Over the holiday break, my feed was flooded with builders shipping projects using Claude Code. And if I’m being honest? I felt behind.
While everyone else was using the downtime to experiment, I was watching it unfold thinking, “Alright… I need to catch up.” So over the last few weeks, I did exactly that and went deep and stress-tested it through a marketer’s lens.
Because the thing is right now, most of the tutorials and videos coming out about Claude Code are built for developers, but most of you aren’t trying to become developers.
And since the long-form written guide I did on using Lovable to vibe code an ROI calculator was such a hit, I’m going back to the well with another long-form written guide.
So, without further ado, let’s dive in!
This week’s Stack:
• 1 deep dive: A marketer-friendly guide to getting started with Claude Code
• 1 prompt: Turn AI drafts into authentic, human-feeling content
• 1 tool: Transform yourself into any character with Krea
• 3 resources: AI model routing, scrappy UGC systems, the future of AI-enabled sales
• 3 jobs: Growth, marketing automation, and AI-native GTM roles
Let’s go!
Deep Dive: The Marketer’s Blueprint for Claude Code
First, you might be wondering what is cloud code and why should marketers care? Unlike the Claude chatbot you may have used at Claude.ai (the app), Claude Code can read files on your computer, create new ones, browse the web, and execute complex multi-step workflows without you copying and pasting anything. You describe a task in natural language, and it does the work. And it runs on macOS, Windows, and Linux.
For example:
You can drop a CSV of campaign performance data into a folder, type “analyze my Q4 campaign results by channel and create a report with recommendations,” and Claude Code will read the file, crunch the numbers, and output a polished markdown report.

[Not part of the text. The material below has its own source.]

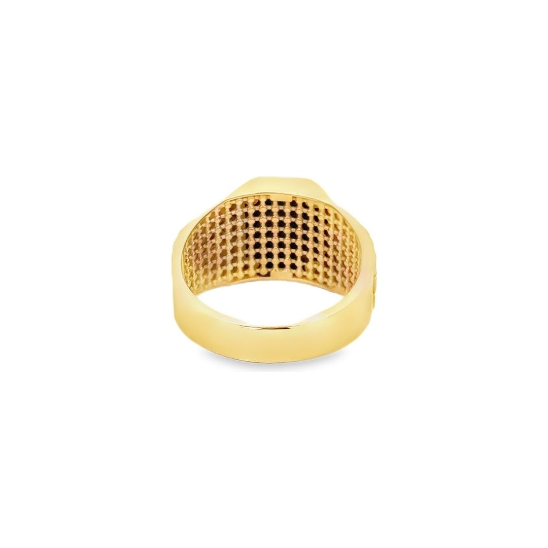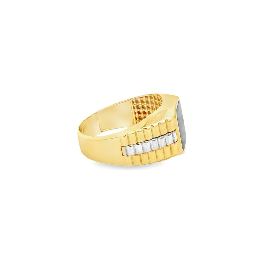 A striking 18K yellow gold men’s ring featuring a black onyx centerpiece, . The bold rectangular frame is complemented by a robust gold band with contrasting black detailing, merging timeless craftsmanship with a modern masculine edge.

You can point it at a folder of customer interview transcripts and ask it to extract the top objections your sales team faces, then generate a content calendar addressing each one.
You can ask it to build an entire landing page from scratch, complete with copy, HTML, and CSS, then iterate on it conversationally.
The core advantage over regular Claude chat is file system access. Claude Code operates directly in your project folders. It can process massive datasets that would exceed chat upload limits, maintain context across dozens of files simultaneously, and output organized deliverables.
Claude Code requires a Pro subscription ($20/month) at minimum. And Anthropic says the Max plan ($100–$200/month) is recommended for heavy daily use.
Installing Claude Code in three steps (no coding required)
The installation process takes about five minutes. Here’s exactly what to do, step-by-step:
Step 1: Open your terminal.
On a Mac, press Cmd + Space to open Spotlight, type “Terminal,” and hit Enter. On Windows, press Win + X and select “Windows PowerShell.”
You’ll see a text-based window with a blinking cursor. This is where you’ll type commands. Don’t worry about understanding everything you see; you only need to type exactly what’s shown below.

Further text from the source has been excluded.